Introduction to gauge theory

A gauge theory is a type of theory in physics. Modern theories describe physical forces in terms of fields, e.g., the electromagnetic field, the gravitational field, and fields that describe forces between the elementary particles. A general feature of these field theories is that the fundamental fields cannot be directly measured; however, some associated quantities can be measured, such as charges, energies, and velocities. In field theories, different configurations of the unobservable fields can result in identical observable quantities.

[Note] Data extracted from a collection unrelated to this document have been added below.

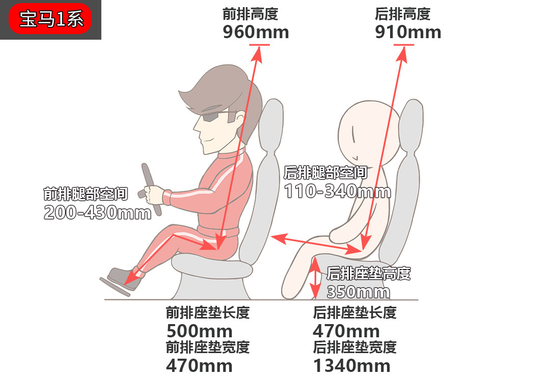 1系的头部空间比较大,坐姿最正常。从数据来看,1系的空间比A3大,但实际体验其实并无区别。1系有个优点就是后排座椅靠背角度比较大,乘坐比较舒适。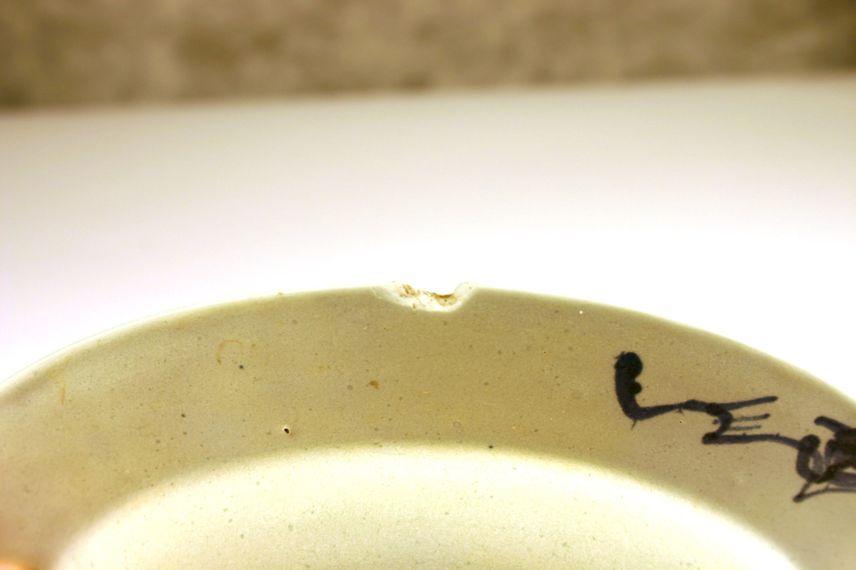 Blek suddig dekor. Något matt yta. Avslagna flisor i mynningskanten. Gul missfärgning över halva ytan.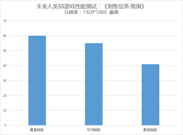 面对这么一款狂吃配置的游戏大作,未来人类S5也是一样的从容应对,当然我们还是依照惯例选用了最高等级的画质,通过测试软件我们可以看到FPS最高60最低时在41,平均稳定在55左右。这些数据强力的说明未来人类S5在大型游戏的表现上实在令人满意。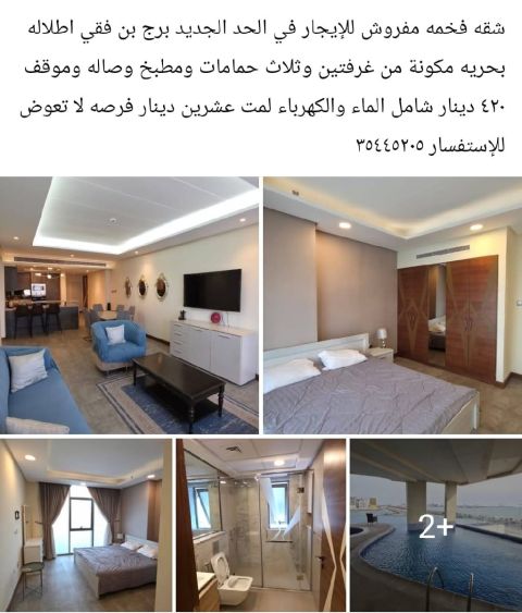 Harbor Real Estate offers a fully furnished apartment for rent in the Jazeera Al Reef area with a sea view. It consists of 3 bedrooms, 4 bathrooms, a living room, a fully equipped kitchen, a laundry room, a dining area, a balcony, and a maid's room. It also includes a swimming pool, gym, shaded parking for two cars, 24-hour security, and reception. The required monthly rent is 1,200 Bahraini dinars, including electricity and water.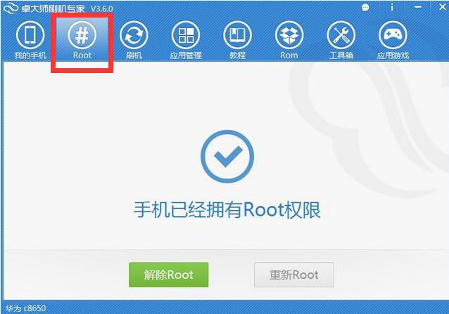 3、当卓大师刷机专家成功识别手机后,用户需要点击“Root”获取root权限。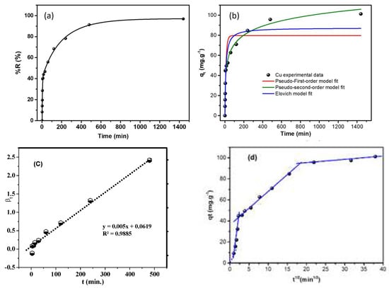 In order to obtain an insight into the process that governs the adsorption of Cu ions, the kinetic measurement is often conducted using various kinetic models (Table 1). The obtained experimental data may be well fitted by the pseudo-first-order (PFO), (the pseudo-second-order (PSO), the Elovich, and the intraparticle diffusion (IPD) models as depicted by the nonlinear model fittings in Table 1 and Figure 4.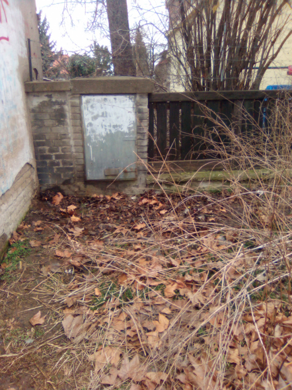 Skládka v křoví. Roh Šrobárovy a Vlašimské.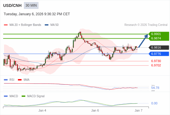 替代方案: 在6.9776以下,期待6.9730和6.9702。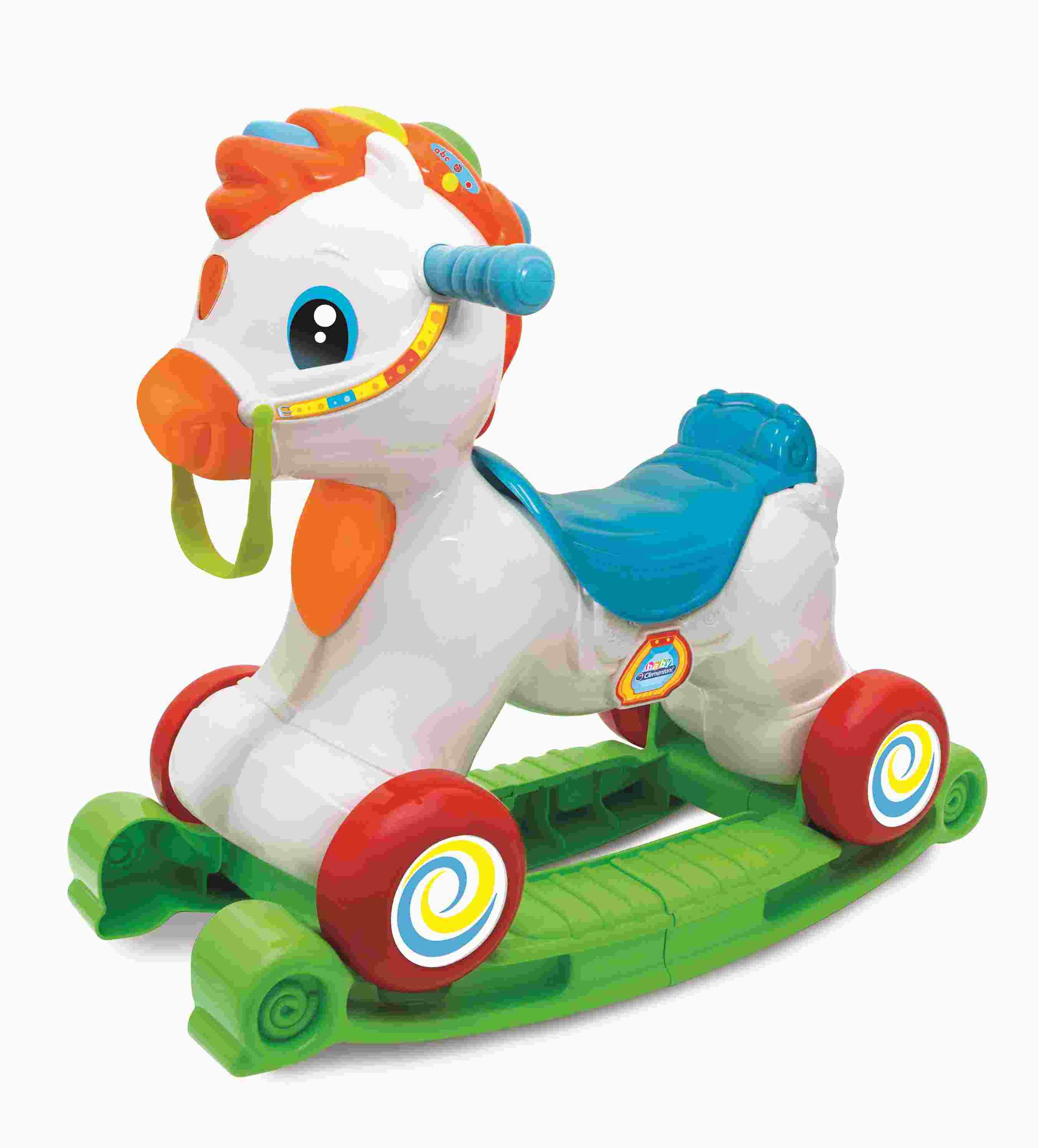 ¡Un fabuloso caballito balancín, que es también un correpasillos y un centro de actividades interactivo!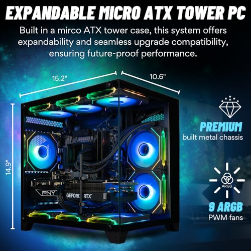 - [FANS] 9 ARGB PWM Fans for Powerful Air Flow and Dynamic Speed Control | [PC CASE] Panorama with Front and Side Full Panel Tempered Glass For Panoramic View | No Bloatware | Graphic output options include 1x HDMI and 1x DisplayPort Guaranteed, additional ports may vary | Free Rainbow Backlit USB Keyboard and LED USB mouse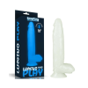 Pénisz formájú, kétrétegű, bőrszerű tapintású anyagból készült, flexibilis, sötétben kék színben világító, motor nélküli, erezett felületű, herékkel kiegészített dildó. Ajánlott napközben fénynek kitenni a legjobb hatás érdekében. Tisztítása : minden ha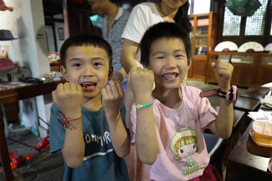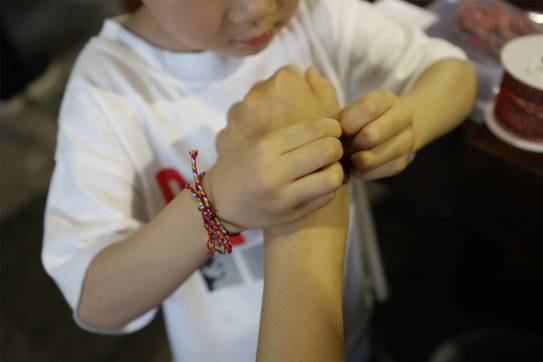 禹陵文創店內,擺置了各色絲線。漢代以來,舊時端午,人們慣于在手腕、腳腕、脖子上拴五色線,謂之可保平安,能避禍災。不如就仿古人之習結線為繩吧!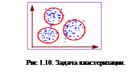 Кластеризация - это разбиение набора примеров на несколько компактных областей (кластеров), причем число кластеров заранее неизвестно (рис. 1.10). Кластеризация позволяет представить неоднородные данные в более наглядном виде и использовать далее для исследования каждого кластера различные методы. Например, таким образом можно быстро выявить фальсифицированные страховые случаи или недобросовестные предприятия.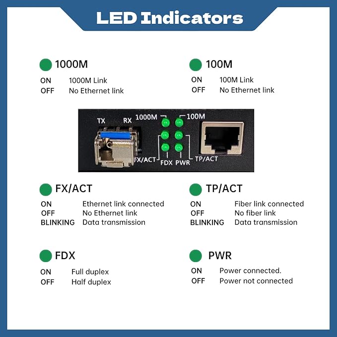 - PLUG AND PLAY: Simple installation with no configuration needed, just connect your fiber and copper cables to start transmitting data,6 LEDs Expose Real-Time Speed & Link Status.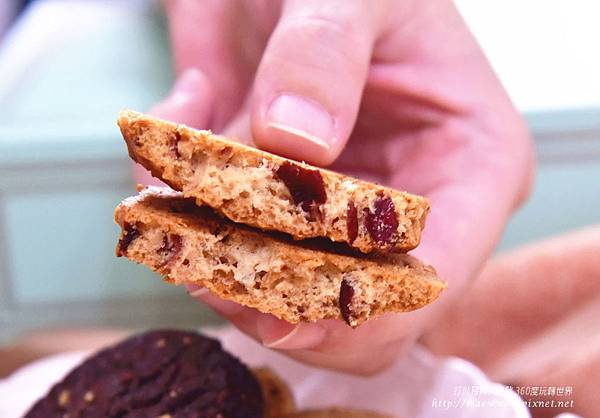 一口咬下吃得到脆脆的玉米片以及蔓越莓果粒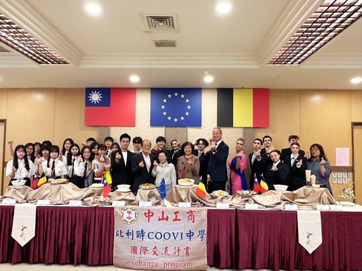 中山工商十四日與比利時布魯塞爾COOVI中學簽訂合作備忘錄MOU,雙方締結教育夥伴關係,十位師生來臺進行教育交流課程,二十一日上午校方在若水五樓餐服教室,舉辦「比利時 COOVI 中學學習成果發表暨感恩歡送餐會」,國教署陳慧玲視察、陳國清董事長偕李昱平校長、毛阿敏主任、張佳琪主任等出席歡送。

A transformation from one such field configuration to another is called a gauge transformation; the lack of change in the measurable quantities, despite the field being transformed, is a property called gauge invariance. Since any kind of invariance under a field transformation is considered a symmetry, gauge invariance is sometimes called gauge symmetry. Generally, any theory that has the property of gauge invariance is considered a gauge theory. For example, in electromagnetism the electric and magnetic fields, E and B, are observable, while the potentials V (""voltage"") and A (the vector potential) are not. Under a gauge transformation in which a constant is added to V, no observable change occurs in E or B.With the advent of quantum mechanics in the 1920s, and with successive advances in quantum field theory, the importance of gauge transformations has steadily grown. Gauge theories constrain the laws of physics, because all the changes induced by a gauge transformation have to cancel each other out when written in terms of observable quantities. Over the course of the 20th century, physicists gradually realized that all forces (fundamental interactions) arise from the constraints imposed by local gauge symmetries, in which case the transformations vary from point to point in space and time. Perturbative quantum field theory (usually employed for scattering theory) describes forces in terms of force-mediating particles called gauge bosons. The nature of these particles is determined by the nature of the gauge transformations. The culmination of these efforts is the Standard Model, a quantum field theory that accurately predicts all of the fundamental interactions except gravity.